# TO DO
Repeat only the lines from the one containing "American man spends" to the final line below, exactly as they read, and leave every picture out.

□ □ □ □

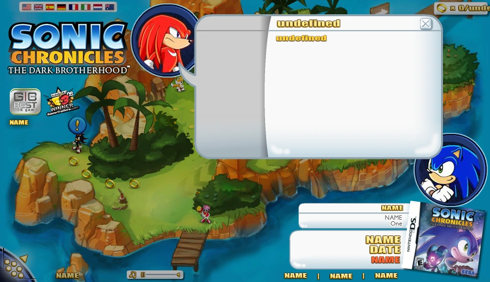 The player controls Sonic , who can interact with the characters and the environment in order to read character bios, trailers, story tidbits, etc. In this game, Sonic will automatically follow the cursor. which is a virtual Nintendo DS stylus for the mouse. Sonic can also collect Rings in order to unlock hidden media, and is able to visit Green Hill Zone and Voxai Colony Beta . The game has 75 Rings in total hidden around the two environments (some of which are hidden behind scenery in the areas). Obtaining enough Rings will grant the player two wallpapers as rewards, as well as a set of icons that are granted when all the Rings are collected.
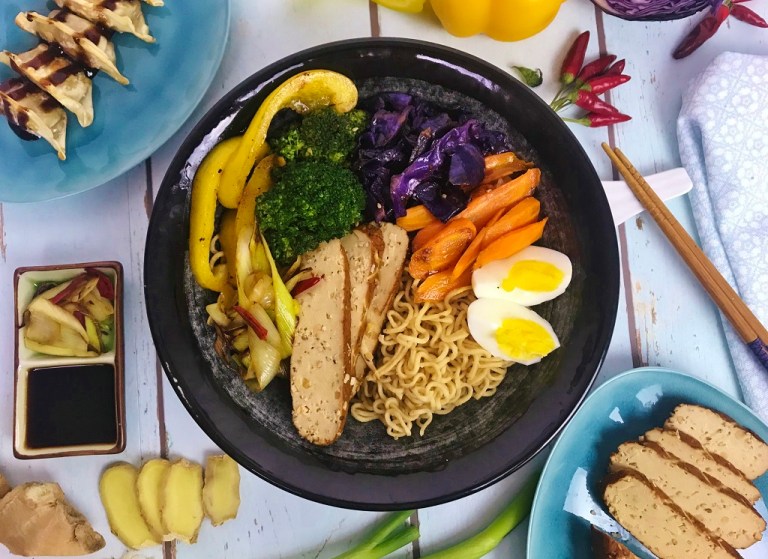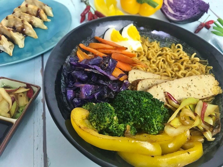 Dieses Ramen-Rezept ist vegan, solange du das Ei weglässt und bei der Zugabe der Soßen darauf achtest, dass sie keine tierische Zusätze enthalten (was sie von Natur aus eigentlich nicht tun sollten).
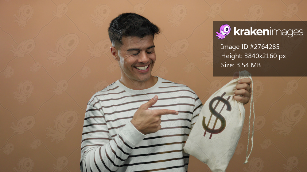 Young man holding money bag with dollar sign isolated against brown background smiling and showing gestures of happiness.
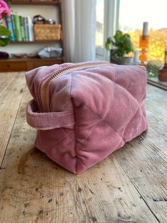 Quilted toiletry bag Clearance, Pink Velvet Quilted Toiletry Bag Makeup Clearance
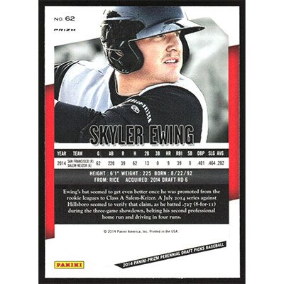 This is a 2014 Panini Prizm Perennial Draft Picks Red White and Blue Pulsar Skyler Ewing baseball card. The card is #62 and pictures show condition. Team(s): San Francisco Giants
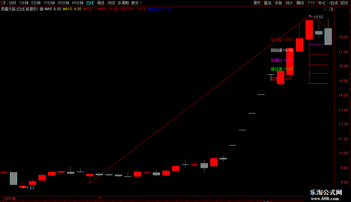 非常好用的 支撑压力分割工具,此指标可以明确的标注出支撑 压力位相关数据,左上方有文字提示,能帮助做判断。
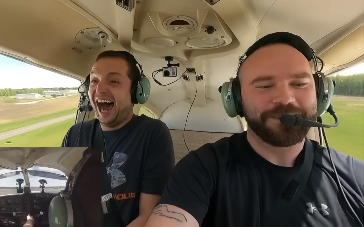 American man spends 6 months secretly getting his pilot’s license then takes control of plane and films his best friend’s reaction
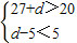 | f(x) | 递增 | 极大值27+d | 递减 | 极小值d-5 | 递增 |
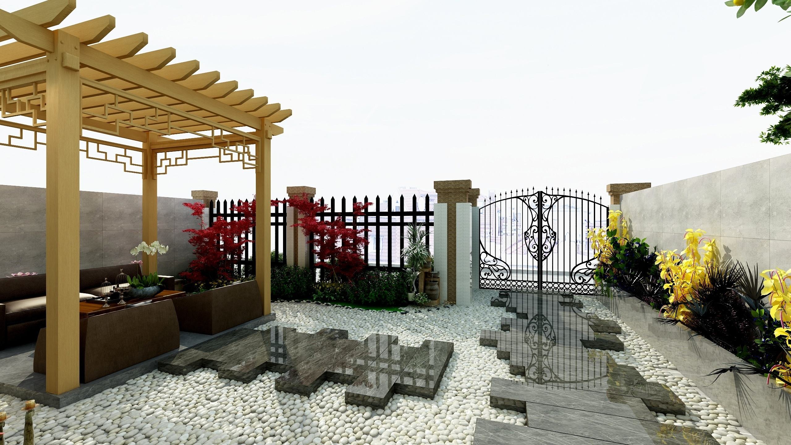 4、別墅小院景觀設(shè)計(jì)還應(yīng)注意材質(zhì)的搭配。在材質(zhì)的選用上,不宜使用過(guò)純、偏硬的材質(zhì),這些都會(huì)讓人覺(jué)得過(guò)于復(fù)雜,尤其是家具等物品。

□ □ □ □

# WRITTEN SOLUTION
 American man spends 6 months secretly getting his pilot’s license then takes control of plane and films his best friend’s reaction
 | f(x) | 递增 | 极大值27+d | 递减 | 极小值d-5 | 递增 |
 4、別墅小院景觀設(shè)計(jì)還應(yīng)注意材質(zhì)的搭配。在材質(zhì)的選用上,不宜使用過(guò)純、偏硬的材質(zhì),這些都會(huì)讓人覺(jué)得過(guò)于復(fù)雜,尤其是家具等物品。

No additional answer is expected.